# Your objective:
For the data that follows, return each line unchanged and drop the pictures.

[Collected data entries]
BEGIN
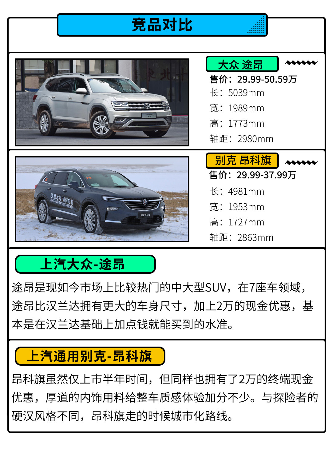 在对比两款竞品车型后不难发现,探险者是其中车身尺寸和轴距最大的SUV,但是两款竞品车型如今在市场上早已有了足够吸引人的现金优惠加持。而探险者作为市场新人,在售价上给出的诚意肯定不及两位“前辈”那么给力。
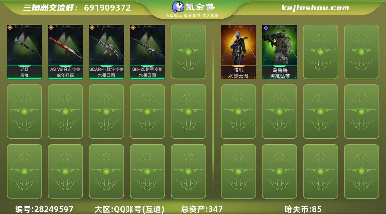 hf7091总资产347m+纯币85m+s53x3赛季安全箱+水墨云图骇爪全套+黑海刀+s4赛季通行证+烽火等级60+特勤部门等级很高+守信不俞+永久包赔
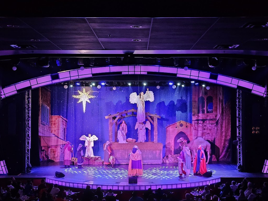 Great show, great Christmas message including the birth of Jesus, great waitstaff and all around great experience. Thank you
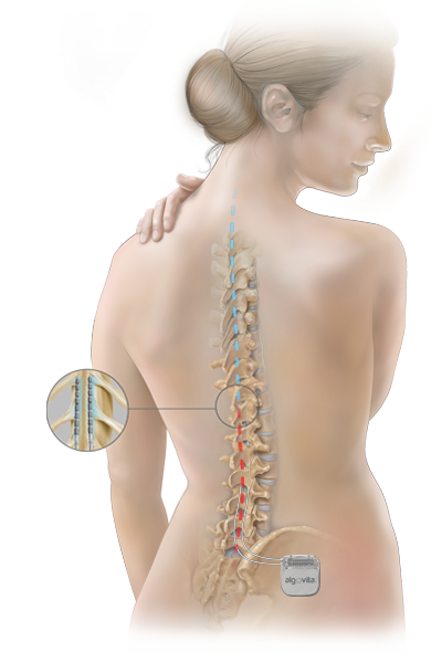 Устройство использует 24-канальный имплантируемый генератор электрических импульсов и различные, зависящие от нужд конкретных пациентов, конфигурации электродов. Мощность выходного сигнала и диапазон параметров может настраиваться, причем большая часть настройки осуществляется с помощью беспроводного внешнего программатора. Используемые в устройстве электроды могут растягиваться, кроме того они могут быть разной длины для более оптимального использования. Среди других функций Algovita:
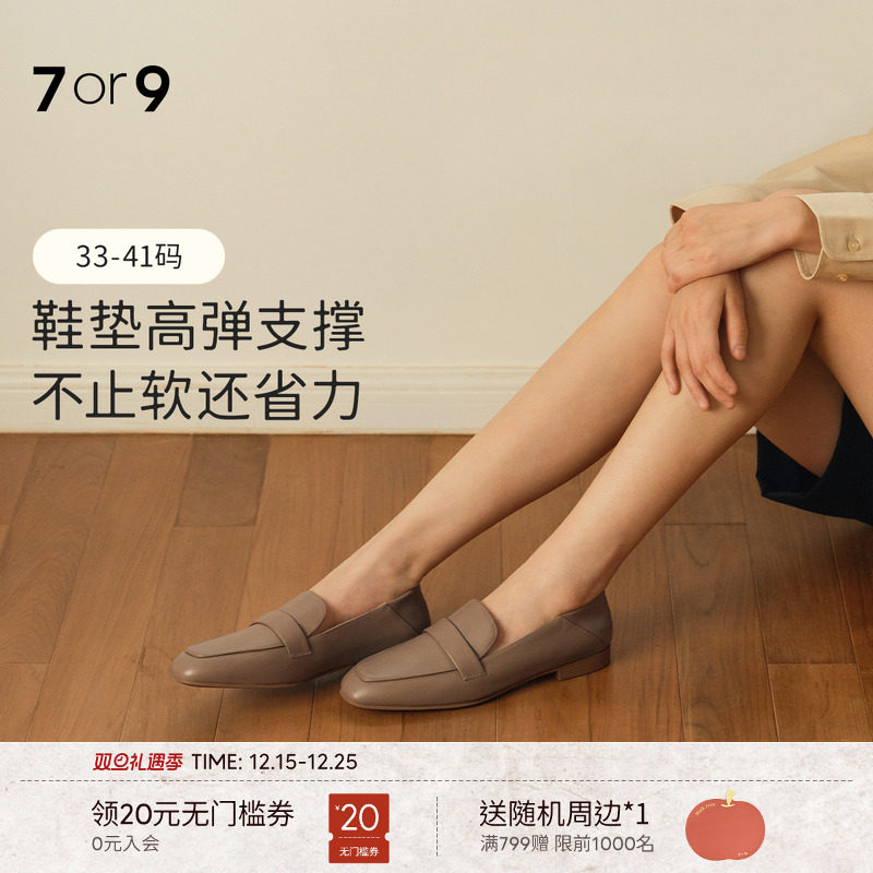 7or9栗子欧包牛皮乐福鞋方头休闲气质上班小香风豆豆鞋单鞋小床垫
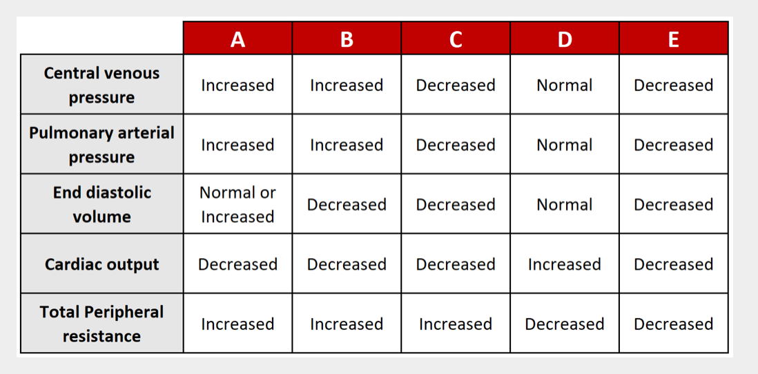 CORRECT – A corresponds to the changes that are seen in cardiogenic shock. Cardiogenic shock occurs when there is a failure in the pumping mechanism of the heart, leading to a fall in cardiac output. This means that the heart can fill as normal, however, it is unable to pump out the volume of blood required to maintain mean arterial blood pressure (maBP), leading to haemodynamic shock. As the blood pressure begins to fall, vascular smooth muscle cells vasoconstrict in order try to maintain maBP, leading to an increase in total peripheral resistance. The inability of the heart to pump blood leads to a backlog of blood in the pulmonary circulation (increasing pulmonary arterial pressure) and in the venous system (increasing central venous pressure). As the heart can fill as normal, the end diastolic volume remains normal in most cases, however, the accumulation of blood in the heart can also stretch the ventricles, meaning that there can actually be an increase in end diastolic volume in some cases. Causes of cardiogenic shock include serious arrhythmias, acute worsening of heart failure and severe myocardial infarctions of the left ventricle.
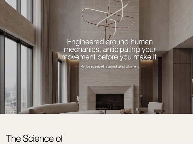 Full-width storytelling and science section featuring a hero-style posture message, scientific specifications, and interactive flashlight-effect image cards with scroll reveal animations. Ideal for product pages focused on ergonomics or technical storytelling.
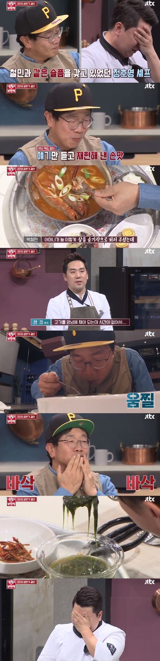 박철민은 샘킴과 정호영의 요리를 먹으며 "어머니의 손맛이 난다" "어머니가 한 그대로의 맛"이라며 눈물을 쏟았다.
END
# Your solution:
 在对比两款竞品车型后不难发现,探险者是其中车身尺寸和轴距最大的SUV,但是两款竞品车型如今在市场上早已有了足够吸引人的现金优惠加持。而探险者作为市场新人,在售价上给出的诚意肯定不及两位“前辈”那么给力。
 hf7091总资产347m+纯币85m+s53x3赛季安全箱+水墨云图骇爪全套+黑海刀+s4赛季通行证+烽火等级60+特勤部门等级很高+守信不俞+永久包赔
 Great show, great Christmas message including the birth of Jesus, great waitstaff and all around great experience. Thank you
 Устройство использует 24-канальный имплантируемый генератор электрических импульсов и различные, зависящие от нужд конкретных пациентов, конфигурации электродов. Мощность выходного сигнала и диапазон параметров может настраиваться, причем большая часть настройки осуществляется с помощью беспроводного внешнего программатора. Используемые в устройстве электроды могут растягиваться, кроме того они могут быть разной длины для более оптимального использования. Среди других функций Algovita:
 7or9栗子欧包牛皮乐福鞋方头休闲气质上班小香风豆豆鞋单鞋小床垫
 CORRECT – A corresponds to the changes that are seen in cardiogenic shock. Cardiogenic shock occurs when there is a failure in the pumping mechanism of the heart, leading to a fall in cardiac output. This means that the heart can fill as normal, however, it is unable to pump out the volume of blood required to maintain mean arterial blood pressure (maBP), leading to haemodynamic shock. As the blood pressure begins to fall, vascular smooth muscle cells vasoconstrict in order try to maintain maBP, leading to an increase in total peripheral resistance. The inability of the heart to pump blood leads to a backlog of blood in the pulmonary circulation (increasing pulmonary arterial pressure) and in the venous system (increasing central venous pressure). As the heart can fill as normal, the end diastolic volume remains normal in most cases, however, the accumulation of blood in the heart can also stretch the ventricles, meaning that there can actually be an increase in end diastolic volume in some cases. Causes of cardiogenic shock include serious arrhythmias, acute worsening of heart failure and severe myocardial infarctions of the left ventricle.
 Full-width storytelling and science section featuring a hero-style posture message, scientific specifications, and interactive flashlight-effect image cards with scroll reveal animations. Ideal for product pages focused on ergonomics or technical storytelling.
 박철민은 샘킴과 정호영의 요리를 먹으며 "어머니의 손맛이 난다" "어머니가 한 그대로의 맛"이라며 눈물을 쏟았다.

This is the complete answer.